**Exercise data**
----------
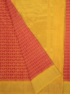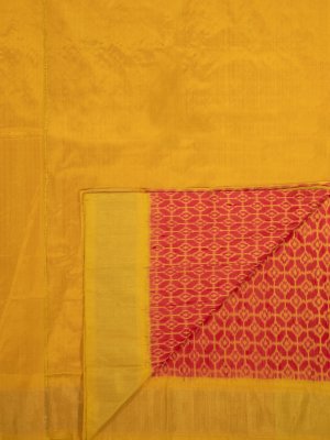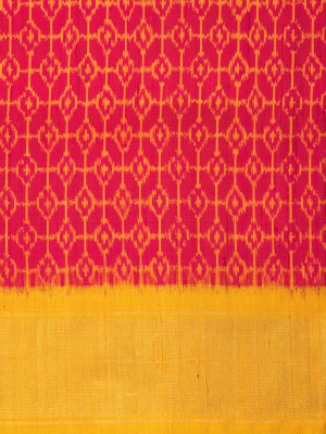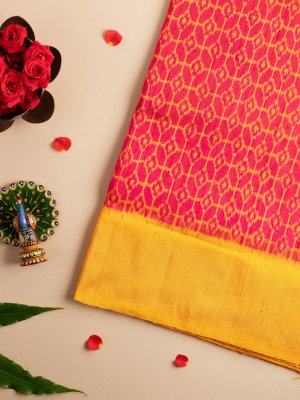 This handwoven pink Ikat silk saree has geometric mustard-yellow patterns all over. It is paired with a mustard-yellow border with a sheer gold zari detailing.
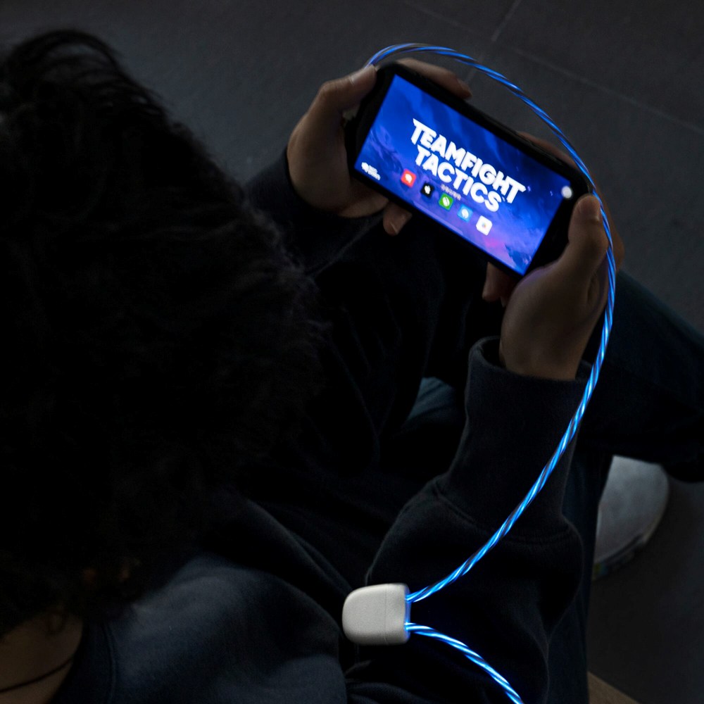 De Xoopar Light up oplaadkabel, 2x 50cm lang, biedt naadloos laden en CarPlay-functionaliteit. Dubbele in-/uitgang, tot 27W snel laden. LED-snelheid geeft laadsnelheid aan. Van gerecycled plastic.
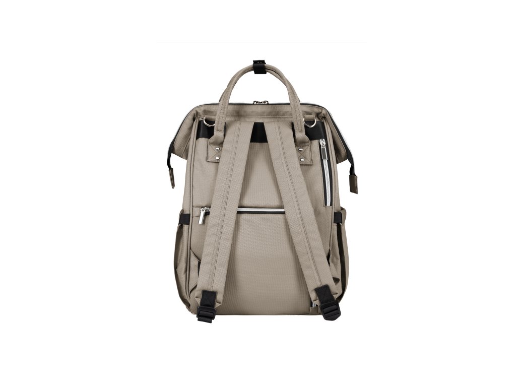 Vnútri batohu nájdete množstvo vreciek a priehradok aj vodeodolné vrecko na uloženie vlhkých predmetov. Široký spôsob otvárania batohu uľahčuje orientáciu v uloženom obsahu. Na vonkajšej strane nájdete vrecká s uzatváraním na zips aj vrecko na uloženie fľaše. Termoizolačné vrecká na fľaše pomáhajú udržať nápoje či mlieko dlhšiu dobu v optimálnej teplote. Súčasťou plecniaka je aj prebaľovacia podložka.
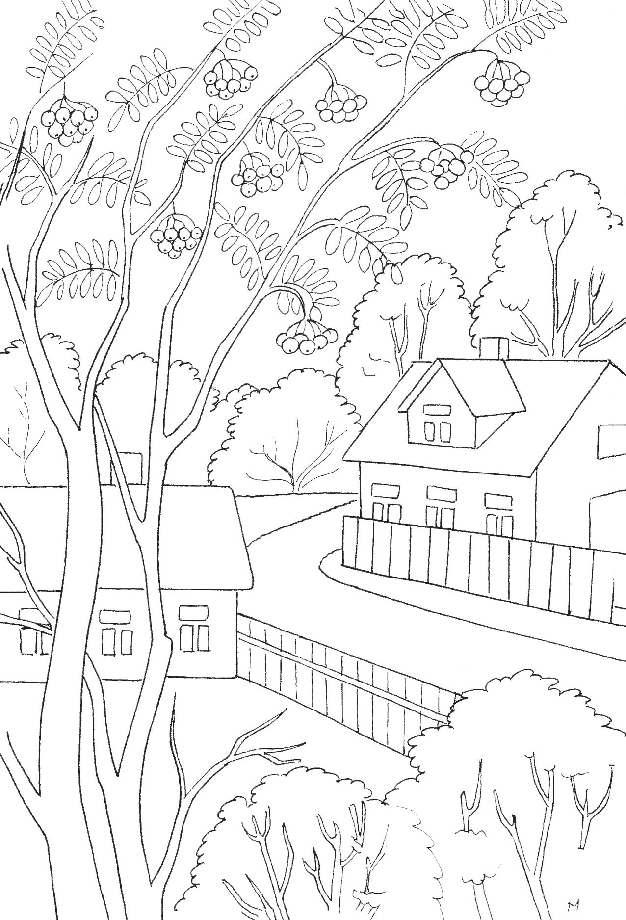 Осенний пейзаж раскраска
----------
**Task requirements**
Exact copy, pictures excluded: repeat the lines from the top of the material through the line with "De Xoopar Light".

**Task answer**
 This handwoven pink Ikat silk saree has geometric mustard-yellow patterns all over. It is paired with a mustard-yellow border with a sheer gold zari detailing.
 De Xoopar Light up oplaadkabel, 2x 50cm lang, biedt naadloos laden en CarPlay-functionaliteit. Dubbele in-/uitgang, tot 27W snel laden. LED-snelheid geeft laadsnelheid aan. Van gerecycled plastic.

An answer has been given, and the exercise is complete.